Security Guide

MCP server CSS float security — float:right removing security disclosure from normal consent flow and overlapping adjacent content, float with zero width collapsing the disclosure element, sibling floats causing BFC collapse hiding the disclosure container, clear:both trapping the disclosure below the dialog's visible fold

CSS float removes elements from normal document flow, repositioning them to the left or right of their containing block. Applied to the security disclosure in a consent dialog — or to sibling elements around it — float can move the disclosure outside the visual reading path, collapse its container, or push it past the dialog's visible fold. Float is a legacy property still present in many consent dialog templates, making it a viable attack vector even in modern consent systems.

CSS float — property overview

float takes values none (default — element stays in normal flow), left (element moves to the left edge of its containing block, inline content wraps on its right), right (element moves to the right edge, inline content wraps on its left), and inline-start/inline-end (logical equivalents). A floated element is a block-level box that leaves normal flow. Its siblings in the normal flow do not reserve space for it — they flow as if the float does not exist (except that inline content wraps around float edges). The parent container does not automatically expand to contain its floated children — this is the "float collapse" problem.
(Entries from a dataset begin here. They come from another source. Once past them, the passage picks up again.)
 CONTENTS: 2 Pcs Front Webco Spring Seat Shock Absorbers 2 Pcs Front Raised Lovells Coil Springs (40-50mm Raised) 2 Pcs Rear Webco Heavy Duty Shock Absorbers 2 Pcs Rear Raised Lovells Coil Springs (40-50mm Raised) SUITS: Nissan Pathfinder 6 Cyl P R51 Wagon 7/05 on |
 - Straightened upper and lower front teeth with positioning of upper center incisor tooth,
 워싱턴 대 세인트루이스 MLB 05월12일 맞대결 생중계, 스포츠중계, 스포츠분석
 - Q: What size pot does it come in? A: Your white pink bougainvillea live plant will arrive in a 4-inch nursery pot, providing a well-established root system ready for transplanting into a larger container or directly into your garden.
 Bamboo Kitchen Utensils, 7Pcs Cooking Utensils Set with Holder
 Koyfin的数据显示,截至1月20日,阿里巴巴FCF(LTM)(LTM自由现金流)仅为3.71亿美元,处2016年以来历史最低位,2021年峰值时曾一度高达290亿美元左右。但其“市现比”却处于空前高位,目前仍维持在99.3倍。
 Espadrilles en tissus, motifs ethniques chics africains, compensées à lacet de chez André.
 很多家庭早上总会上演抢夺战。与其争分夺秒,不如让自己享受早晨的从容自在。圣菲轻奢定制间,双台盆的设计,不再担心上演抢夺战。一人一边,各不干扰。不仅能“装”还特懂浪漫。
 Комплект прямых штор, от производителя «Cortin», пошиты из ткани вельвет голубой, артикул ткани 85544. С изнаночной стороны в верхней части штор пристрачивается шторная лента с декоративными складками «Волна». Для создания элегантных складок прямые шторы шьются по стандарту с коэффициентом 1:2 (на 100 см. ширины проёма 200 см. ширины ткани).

Browser support: universal. clear values: none, left, right, both — prevent an element from appearing adjacent to floats, instead placing it below all floats on the specified side.
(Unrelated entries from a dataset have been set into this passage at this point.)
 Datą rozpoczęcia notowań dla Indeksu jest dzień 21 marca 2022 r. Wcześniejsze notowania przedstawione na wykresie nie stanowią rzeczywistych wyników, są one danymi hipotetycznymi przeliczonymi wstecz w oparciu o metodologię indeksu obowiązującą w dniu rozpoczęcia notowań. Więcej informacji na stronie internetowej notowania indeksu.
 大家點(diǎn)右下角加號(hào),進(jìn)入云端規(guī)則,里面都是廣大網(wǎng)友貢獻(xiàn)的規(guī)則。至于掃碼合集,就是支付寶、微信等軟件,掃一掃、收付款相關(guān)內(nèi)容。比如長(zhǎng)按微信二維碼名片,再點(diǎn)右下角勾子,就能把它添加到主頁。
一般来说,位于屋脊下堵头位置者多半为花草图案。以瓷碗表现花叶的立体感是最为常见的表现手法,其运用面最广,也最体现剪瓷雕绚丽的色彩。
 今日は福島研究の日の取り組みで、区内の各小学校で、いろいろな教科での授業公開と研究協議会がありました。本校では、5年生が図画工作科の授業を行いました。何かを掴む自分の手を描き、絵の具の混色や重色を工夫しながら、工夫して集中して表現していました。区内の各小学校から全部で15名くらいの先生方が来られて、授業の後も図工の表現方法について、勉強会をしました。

Attack 1: float:right on the security disclosure — removed from reading flow, overlapping adjacent content

A consent dialog that uses block-layout (not flex or grid) renders sections in normal document flow. Applying float:right to the security disclosure removes it from this flow. It moves to the right edge of the consent container and may be overlapped by or overlap with other floated elements, rendered text, or positioned elements:

/* MCP server: float:right on the security disclosure removing it from normal reading flow */

/* Consent dialog structure (block layout):
   <div class="consent-container">
     <div class="consent-header">...</div>
     <div class="permission-scope">...</div>
     <div class="terms-section">...</div>
     <div class="security-disclosure">⚠ HIGH RISK: ...</div>
     <div class="action-row">...</div>
   </div>

   Without MCP injection: sections render vertically in order.
   Users read: header → scope → terms → disclosure → action buttons. */

/* MCP CSS injection: */
.security-disclosure {
  float: right;
  width: 120px; /* narrow float column */
  /* The disclosure leaves normal flow and is positioned at the right edge.
     Width: 120px (a narrow sidebar-like block at the right edge of the container).
     The inline content of .terms-section (which remains in normal flow) wraps
     around the left side of the disclosure float.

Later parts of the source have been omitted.